This idea that fans are an amorphous mass and that culture is something that happens to all of them in the same way can be traced back to Theodor Adorno, whose 1938 essay, cited in the New York Times’s coverage of Beatlemania, described fans at live music performances as empty vessels: “Their ecstasy is without content.” Adorno’s work has been the starting point for the past 70 years of pop culture analysis, perhaps right up until the 1990s when cultural historian Daniel Cavicchi spent three years interviewing Bruce Springsteen fans about where their love of Bruce had come from and how it had coloured their lives for his book Tramps Like Us. At the time it was still up for serious debate whether the adoration of a pop star turned a person into an idiot. The cultural anxiety around popular culture then – which has relaxed now, even if it hasn’t totally disappeared – was that it was a homogenising force that turned every participant into a mindless consumer. But in speaking to hundreds of fans, Cavicchi found something different. These people were exploiting the ultra-popular things they loved in order to become more completely themselves. “Springsteen fans… do not indicate that popular culture is shaping their identity but rather that they are shaping their identity with popular culture,” he wrote.

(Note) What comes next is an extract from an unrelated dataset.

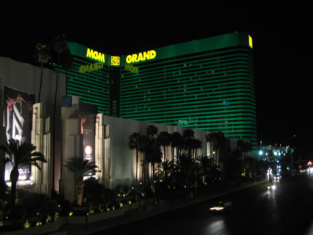 The green-hued MGM Grand resort and hotel comes into view on the north side of Tropicana Avenue.

What many commentators couldn’t – or wouldn’t – see was that fans have not just passively enjoyed or loudly desired the objects of their fandom. They’ve also edited them and recirculated them and used them as the inspiration for a range of creative works on and offline. The art, the stories, the fan fiction and the in-jokes are as much a part of what it means to be a fan as staking out an airport or memorising dozens of songs. Fans transform their own image by playing with expectations and flouting the rules; dress themselves up in the spirit of Harry Styles – indulging in elaborate cosplay – as an expression of devotion that is also a prolonged creative exercise. When Styles started wearing blouses and pearls and high-waisted trousers, so did they. They bought old-school rocker platform boots or knitted their own sweaters in the styles of his expensive, designer ones and expressed their fandom through aesthetic iteration.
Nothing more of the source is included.